*Exercise details:* Transcribe the entries exactly. Start at the top, stop after the line with "キッズ ギフト 80x60インチ", and omit every picture.

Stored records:
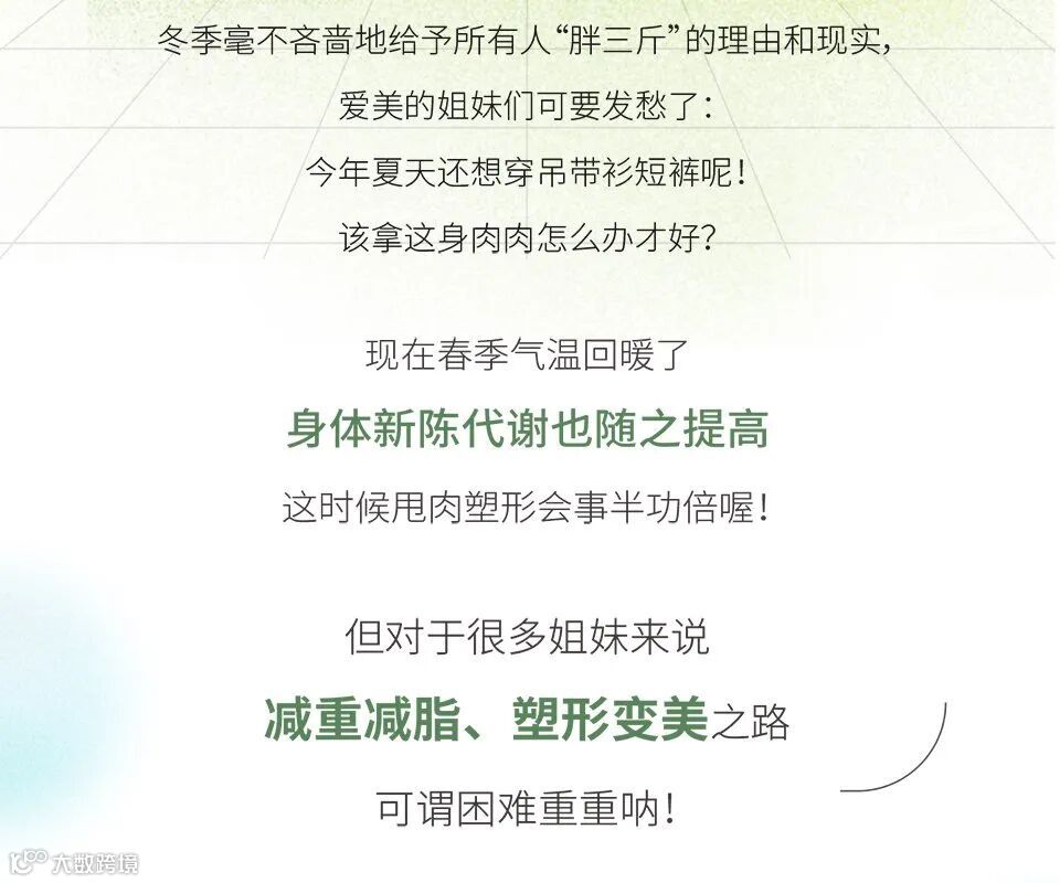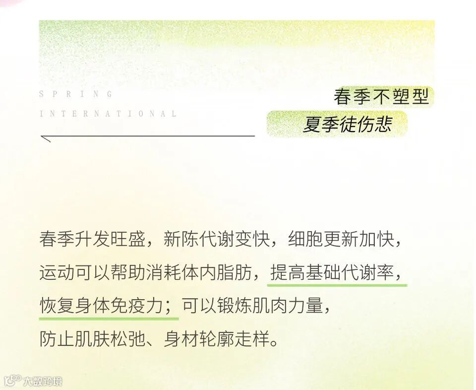 导读:春季身体新陈代谢提高,这时候甩肉塑形会事半功倍喔!
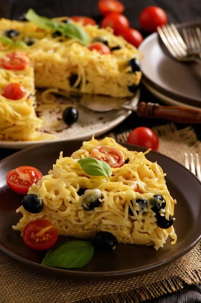 Нежная запеканка с макаронами и яркими помидорами
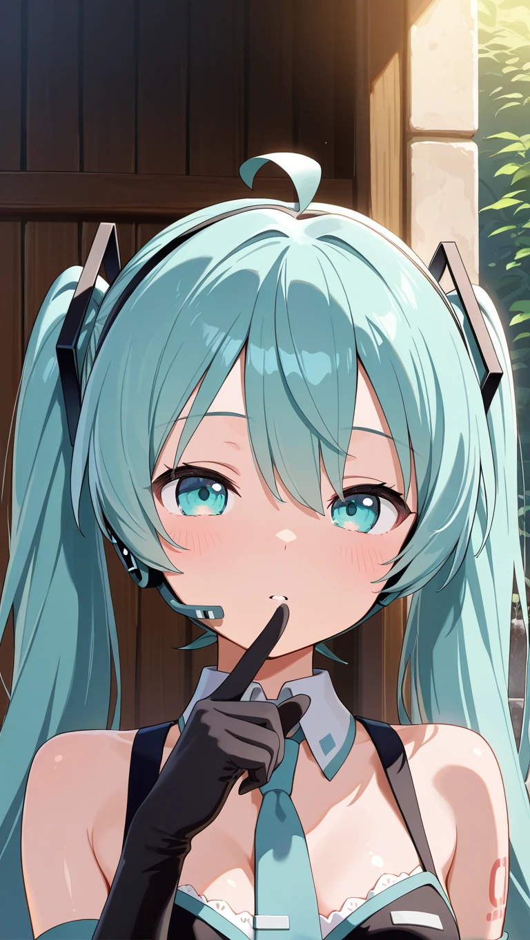 ahoge,headset,headphones,very long hair,aqua hair,twintails,hair between eyes,aqua eyes
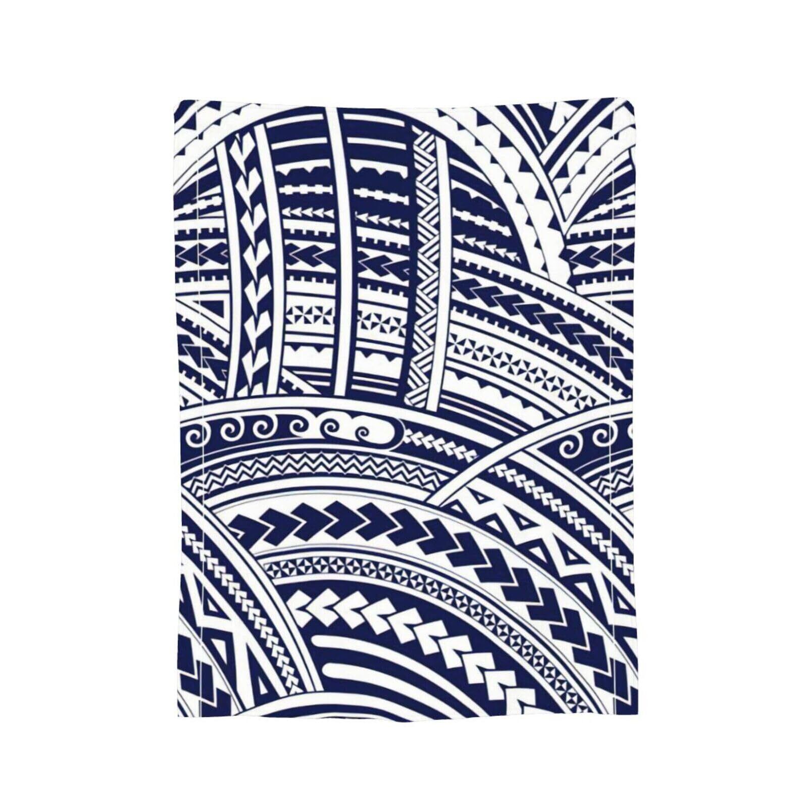 【特価商品】WURTON ブルーポリネシアマオリ族柄プリント 快適 ウルトラソフト マイクロフランネル 万能スローブランケット 大人 女性 キッズ ギフト 80x60インチ
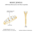 Celebrate a love that grows stronger with time with this elegant Moissanite Anniversary Ring. Thoughtfully designed to mark a special milestone, this Three Stone Moissanite Ring beautifully combines classic style with a meaningful message. The three oval shaped moissanite stones at the center symbolize your past, present, and future together, each one shining bright with D color and VS1 clarity for unmatched brilliance and sparkle. The center oval stone measures 4X6 MM and is flanked by two slightly smaller 3X5MM oval stones, creating a balanced and eye-catching design. On either side of the main stones are baguette cut moissanites set horizontally to add a modern touch, giving the 3 Stone Anniversary Ring a sophisticated finish. This Oval Moissanite Ring is a timeless reminder of your journey as a couple. Whether you are celebrating your first anniversary, ten years, or more, it is a meaningful way to show your love and commitment. Its elegant style makes it perfect for daily wear or special occasions, and it pairs easily with other jewelry pieces. Give the gift of sparkle and love with this stunning Past Present and Future Ring.
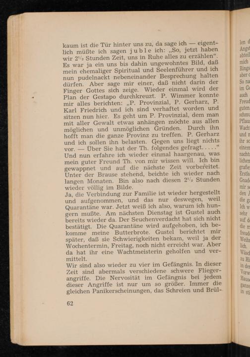 kaum ist die Tür hinter uns zu, da sage ich eigentlich müßte ich sagen juble ich: ,, So, jetzt haben wir 2 Stunden Zeit, uns in Ruhe alles zu erzählen". Es war ja ein uns bis dahin ungewohntes Bild, daß mein ehemaliger Spiritual und Seelenführer und ich nun pudelnackt nebeneinander Besprechung halten dürfen. Aber sage mir einer, daß nicht darin der Finger Gottes sich zeige. Wieder einmal wird der Plan der Gestapo durchkreuzt. P. Wimmer konnte mir alles berichten:„ P. Provinzial, P. Gerharz, P. Karl Friedrich und ich sind verhaftet worden und sitzen nun hier. Es geht um P. Provinzial, dem man mit aller Gewalt etwas anhängen möchte aus allen möglichen und unmöglichen Gründen. Durch ihn hofft man die ganze Provinz zu treffen. P. Gerharz und ich sollen ihn belasten. Gegen uns liegt nichts vor. Über Sie hat der Th. folgendes gefragt....." Und nun erfahre ich wieder einmal haargenau, was mein guter Freund Th. von mir wissen will. Ich bin gewappnet und auf die nächste Zeit vorbereitet. Unter der Brause stehend, beichte ich wieder nach langen Monaten. Bin also nach diesen 24 Stunden wieder völlig im Bilde.
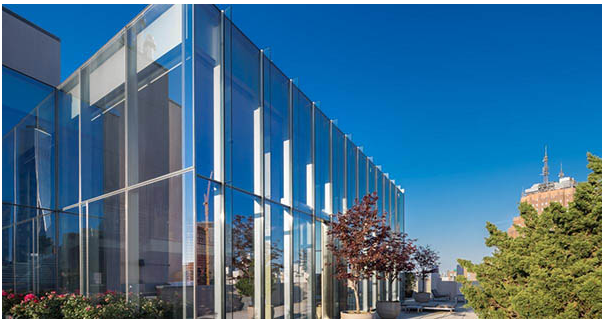 Chất liệu kính trong xuyên suốt công trình. Ngoài ra để giữ cho công trình bên vững qua thời gian một hệ thống thép đặc biệt đã được dùng làm dàn đỡ cho ngôi nhà.
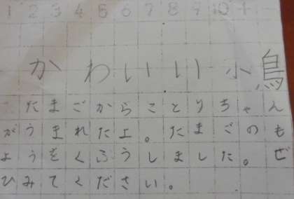(上)たまごからうまれたかわいいことりです。(下)リアルな眼鏡。上手です。
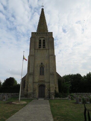 De afbeelding 'Alveringem Oeren Oerenstraat parochiekerk Sint-Apollonia met omringende militaire begraafplaats' gemaakt door Becuwe, Frank wordt ter beschikking gesteld door Agentschap Onroerend Erfgoed (AOE) onder de volgende voorwaarden: Modellicentie voor gratis hergebruik, Naamsvermelding 4.0 Internationaal.
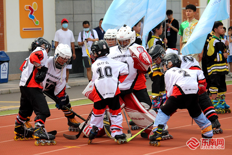 2022年福建省第十七屆運(yùn)動會青少年部社會俱樂部組輪滑冰球比賽參賽隊伍。東南網(wǎng)記者 薛逸群 攝
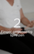 Übung 2 - Finger gegenseitig spreizen: Die Finger durch das Zusammenführen der Hände spreizen, dabei den Unterarm einmal nach innen und außen drehen.
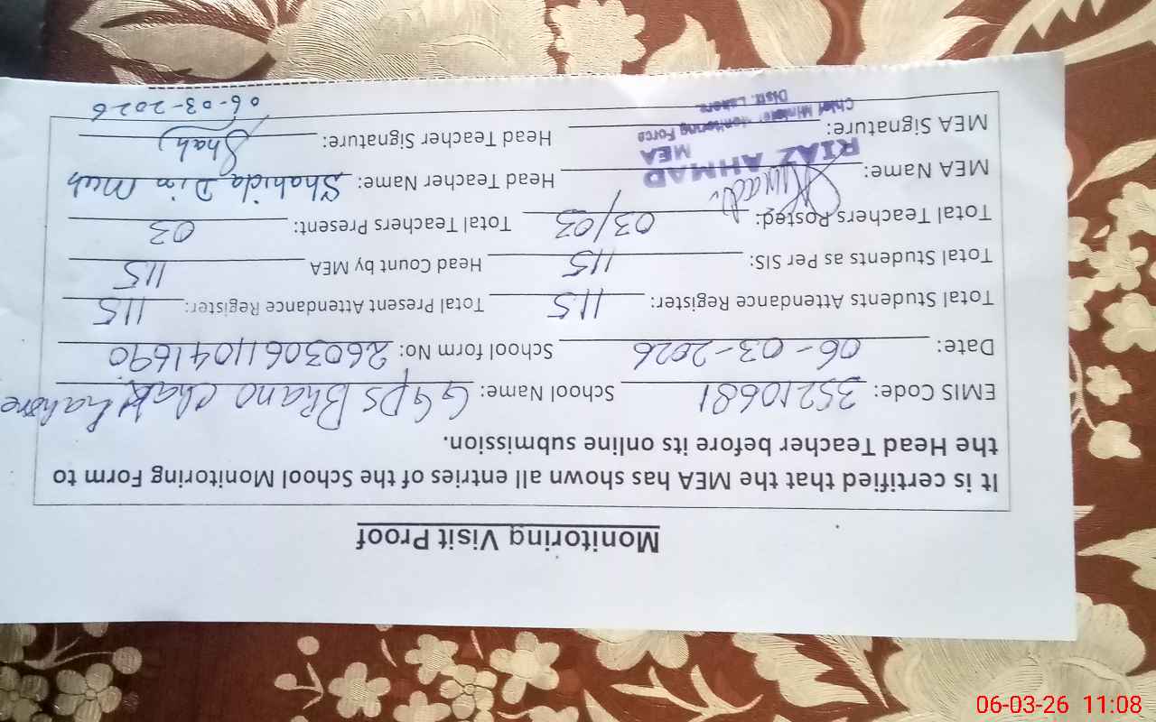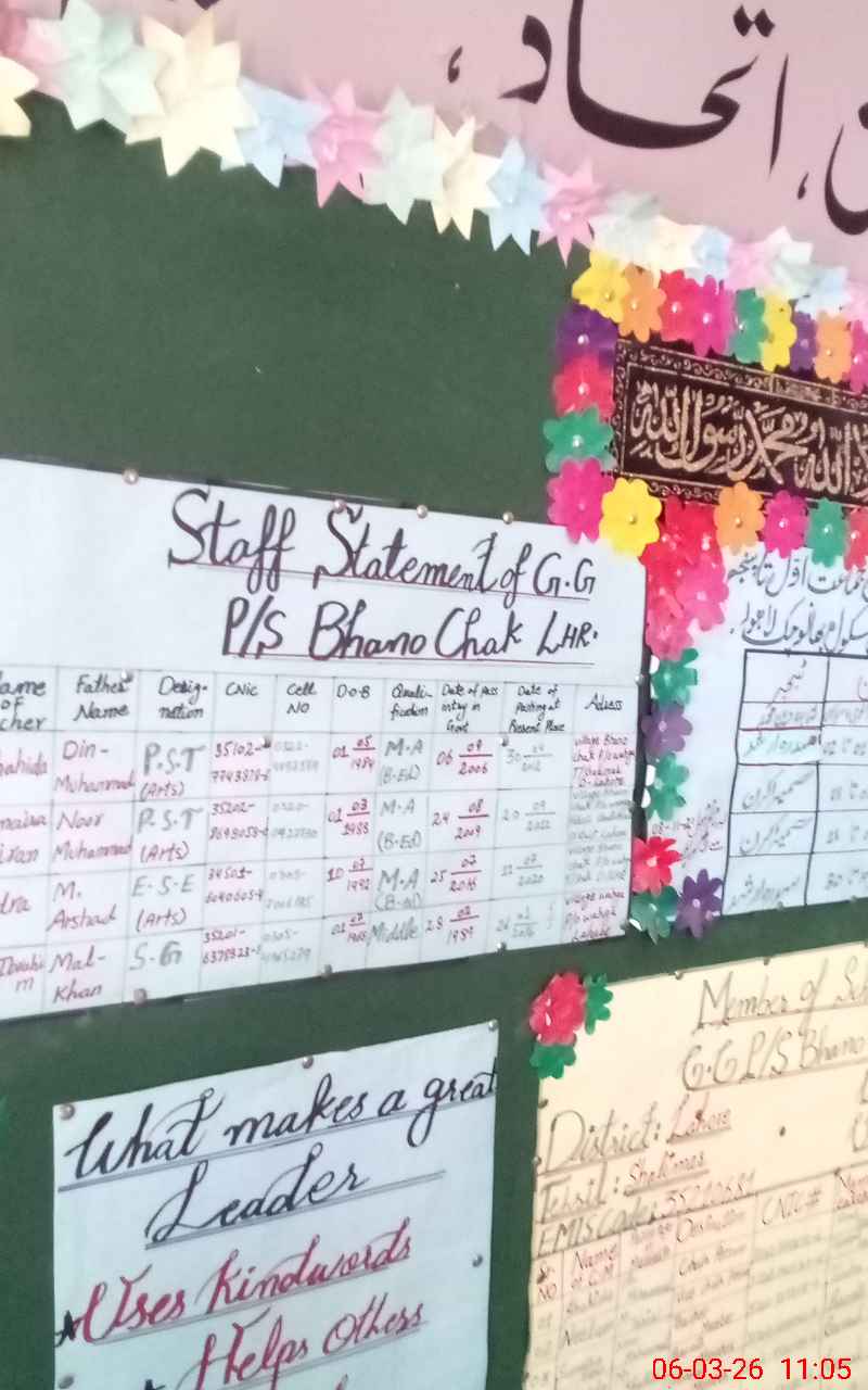 | EMIS Code: 35210681 | Name of School: GGPS BHANO CHAK | |||
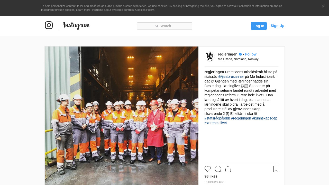Fremtidens arbeidskraft hilste på statsråd @jantoresanner på Mo Industripark i dag💥 Gjengen med lærlinger hadde sin første dag i lærlinglivet👏🏻 Sanner er på kompetanseturne landet rundt i arbeidet med regjeringens reform «Lære hele livet». Han lært også litt av hvert i dag, blant annet at lærlingene skal bidra i arbeidet med å produsere stål av gjenvunnet skrap tilsvarende 2 (!) Eiffeltårn i uka 🆒 #statsrådpåjobb #regjeringen #kunnskapsdep #lærehelelivet
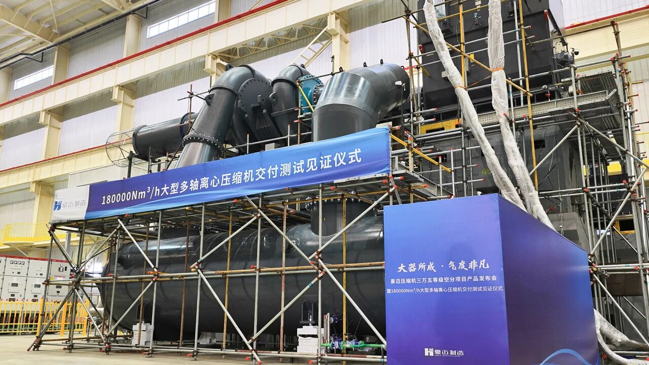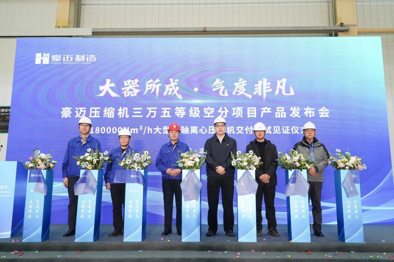 2026年1月8日,在空分氣(qì)體行業同仁與客戶的(de)共同見證下,豪邁壓縮機為某(mǒu)知名冶金企業客戶量身打造的180000Nm³/h大(dà)型多軸離心(xīn)式壓縮機圓(yuán)滿完成測試並正式交付。設備各(gè)項參數與性能指(zhǐ)標表現優異,均超出客戶預期,標誌著國產(chǎn)空分裝備的研發(fā)與製造能(néng)力再上新台階。
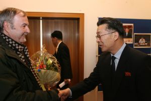 Genossen KIM IL SUNG in schwierigen Zeiten gefeiert hatten. Er verwies in diesem Zusammenhang auf die Jahre 1989/90 (Konterrevolution in der DDR) und 1996-99 (Zeit des Schweren Marsches). Danach ergriff der Vertreter des Traditionsverbandes der NVA-GT das Wort und stellte seine Organisation und ihre Geschichte vor. Er verwies ausdrücklich darauf, dass die Werbung für das KFL kein Zufall war, sondern ein klares Bekenntnis zur Freundschaft zwischen der fortschrittlichen Jugend Deutschlands und der DVR Korea, getreu bester Traditionen, er verwies nur kurz auf die „deutsche Stadt“ Hamhung… Nach dem Motto „… und der Zukunft zugewandt…“ erklärte der Genosse Offizier „Klassenbrüder werden immer Waffenbrüder bleiben — heute im ideologischen Bereich“. Der Dresdener Genosse berichtete über den kontinuierlichen Kampf, gegen der Lüge und Hetze über die DVRK entgegenzutreten, und dafür die Wahrheit über den sozialistischsten Staat der Erde zu verbreiten.
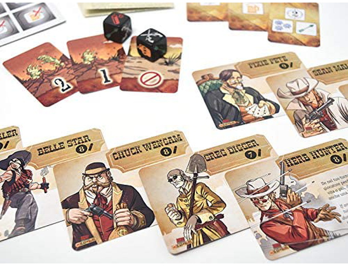 This expansion adds eight new enraged gunslingers and two new duel dice for fighting duels. If you lose a duel, you must draw a duel wound token. During your turn, each duel wound token you have cancels one identical symbol rolled on a die that you decided to keep.
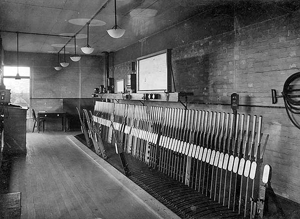 to Breydon Viaduct being required. Photo from Andy Barton collection ![]() The interior of South Town signal box on 15 May 1947. The box was just four years old at this time, the original having been damaged by the Luftwaffe. It is assumed, although unconfirmed, that the McKenzie & Holland 76-lever frame was recovered from the original box. Photographs of the interiors of ARP signal boxes when in use are relatively rare and this view shows well the rather forbidding and charmless working environment. Above the levers is the signalling diagram, block instruments etc. while on the left is the desk with train register, in which signalmen were required to record every train movement. The object on the wall, far right, appears to be a stirrup pump, perhaps left
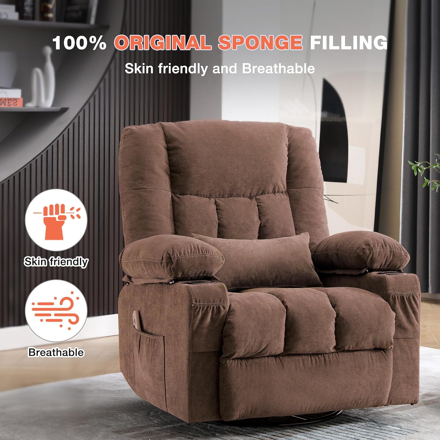 𝐄rgonomic 𝐃esign & 𝐏remium 𝐌aterials:Step into a sanctuary of calm with our ergonomic recliner,crafted to turn every moment into a serene escape.Wrapped in breathable,skin‑friendly fabric and packed with 100% high‑resilience foam, it molds to your spine and adapts to your curves.Whether you’re gently rocking or fully reclining,you’ll enjoy lasting support,plush comfort and style,making home the ultimate retreat
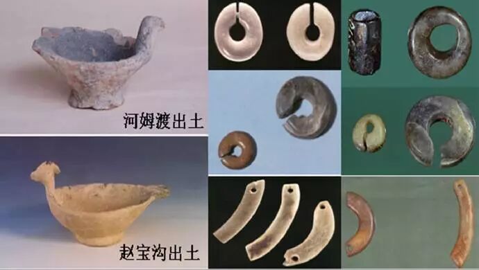 7、河姆渡文化遗址群,位于浙江省中部的宁绍平原,因其首先发现于浙江省余姚市河姆渡镇金吾庙村而得名。她最深的第四文化层,距今约7000年。在河姆渡遗址的四个文化层中,都出土了玉玦或者石玦。古老的玉玦出现在河姆渡,具有划时代的历史意义,因为它从此播下了南方玉器文明的种子。兴隆洼在东北,河姆渡在江南,难道这两个史前部落的先民们同时发明了在耳朵上穿孔佩带玉玦的“游戏”吗?这不太可能。还有这两个遗址出土的鸟形陶盏,又几乎是一模一样。这就是说,至少在7000年前,有人从东北平原,越过燕山,或者是顺着辽河南下,然后沿着渤海、黄海和东海海岸,来到了气侯温暖的南方。一千年后,这批北方移民又慢慢地变成了南方民族的一份子。
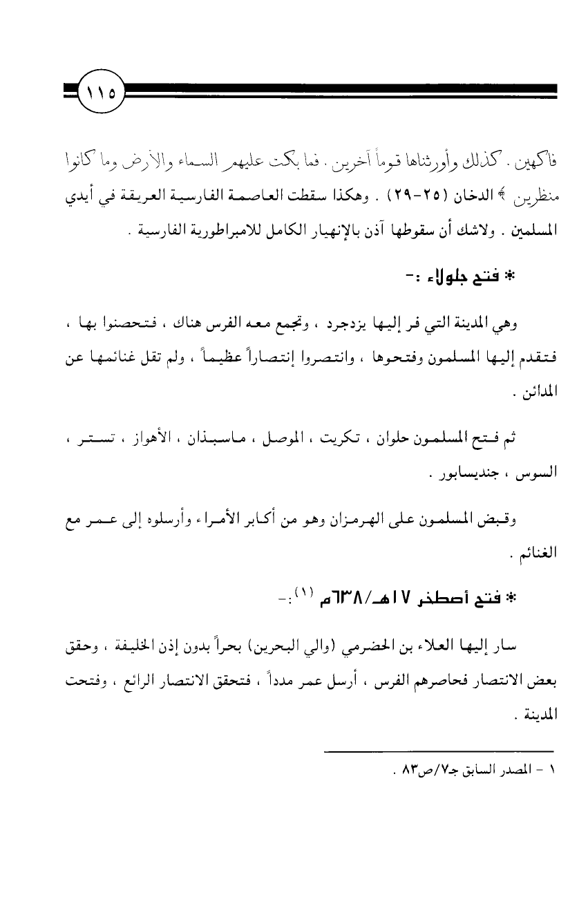 فَاكِهِينَ (27) كَذَلِكَ وَأَوْرَثْنَاهَا قَوْمًا آخَرِينَ (28) فَمَا بَكَتْ عَلَيْهِمُ السَّمَاءُ وَالْأَرْضُ وَمَا كَانُوا مُنْظَرِينَ} [الدخان: 25 - 29]. وهكذا سقطت العاصمة الفارسية العريقة في أيدي المسلمين. ولا شك أن سقوطها آذن بالإنهيار الكامل للإمبراطورية الفارسية.

*Answer to this problem:*
 导读:春季身体新陈代谢提高,这时候甩肉塑形会事半功倍喔!
 Нежная запеканка с макаронами и яркими помидорами
 ahoge,headset,headphones,very long hair,aqua hair,twintails,hair between eyes,aqua eyes
 【特価商品】WURTON ブルーポリネシアマオリ族柄プリント 快適 ウルトラソフト マイクロフランネル 万能スローブランケット 大人 女性 キッズ ギフト 80x60インチ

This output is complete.